EU policy to support pollinator-friendly farming – current state and way forward
In 2018, the European Commission adopted a communication on a strategy for wild pollinators. One of its key aims was to promote the effective use of existing tools and policies. You can find information and links to the EU pollinators initiative actions on the EU’s Pollinator Information Hive. IEEP contributed by looking at progress under two key EU policies:
Pollinators in the Common Agricultural Policy (CAP)
The CAP is a key instrument to implement pollinator-friendly farming. A report by IEEP found that despite great potential of a wide range of CAP measures to support pollinator conservation, a lack of high-level strategic consideration of wild pollinators in implementation has hindered their impact. Options to better integrate their protection into CAP Strategic plans (CSP) for 2022-27 are outlined.
The key recommendations are to:
- Identify and prioritise wild pollinator needs at the regional level within Member States building on existing frameworks such as the Prioritised Action Framework (PAF)
- Establish the baseline status of wild pollinators to inform target setting and selecting relevant indicators for monitoring progress under national CSP monitoring.
- Define how CSPs will protect pollinators through conditionality measures and a coherent package of intervention measures in both pillars of the CAP. The document provides detailed guidance on how to achieve this. For example, landscape features and long-term fallow are key pollinator habitats that can be protected by conditionality and enhanced by ecoschemes and agri-environment.
Pollinators in the Sustainable Use of Pesticides Directive (SUD)

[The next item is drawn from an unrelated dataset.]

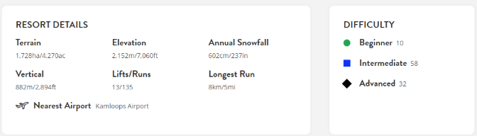 Sun Peaks Resort位于温哥华往东北部方向,驾驶时间4小时12分钟。BC省第二大场地。雪山下面的每一间酒店很有特色,多数设有露天温泉,可以在寒冻的夜晚泡在室外露天池仰望星空无比绝伦。

The SUD is another key piece of legislation which can help implement pollinator-friendly farming. Under the directive, member states are required to adopt National Action Plans (NAPs) setting out objectives to reduce risks and impacts from pesticide use. A report by IEEP assessing the integration of pollinator conservation into these plans found that most lack detail and adequate monitoring of pesticide impacts on pollinators. The report highlights good practice and shares recommendations on how to better integrate pollinators into NAPs. he report highlights good practice and shares recommendations on how to better integrate pollinators into NAPs.
The key recommendations are:
- Improving knowledge on the toxicity of pesticides to wild pollinators
- Creating targets for pollinators population recovery in both NAPs and CSPs
- Integrating pesticide impact into the European Pollinator Monitoring Scheme
- Developing a more unified approach to pesticide risk labelling risk, promote drift reduction techniques and raise awareness and regulatory controls.
- Creating collaborations between authorities responsible for SUD and Natura 2000 to minimise pesticide use in protected areas and buffer zones around them.
- Ensuring training and awareness on pesticide risk and use reduction, implement measures to prioritise non-chemical methods of pest control and develop farm advisory systems to help farmers implement IPM practices.
- Setting up mechanisms to share and exchange good practices between countries.
Pollinators in the EU Green Deal
There is an urgent need for strengthened action for pollinators on farmland and the EU policy framework presents clear opportunities. The EU Biodiversity Strategy for 2030 calls for a new phase of the EU pollinators initiative to 2030 and aims to reverse the decline of pollinators through a nature restoration plan. The target to put aside at least 10% of agricultural area to high-diversity landscape features, and the targets in the Farm to Fork strategy to cut by 50% the use and impacts of pesticides and the use of fertilisers, can also deliver important benefits to pollinators and the CAP strategic plans should be used to implement them at national level.
1 The EU Grassland Butterfly Indicator shows a loss in numbers of 25% in EU countries from 1990-2018. The EU Red List of Bees showed 9% of bee species are threatened, but also that over half of species are not sufficiently known to be able to assess whether they are threatened or not.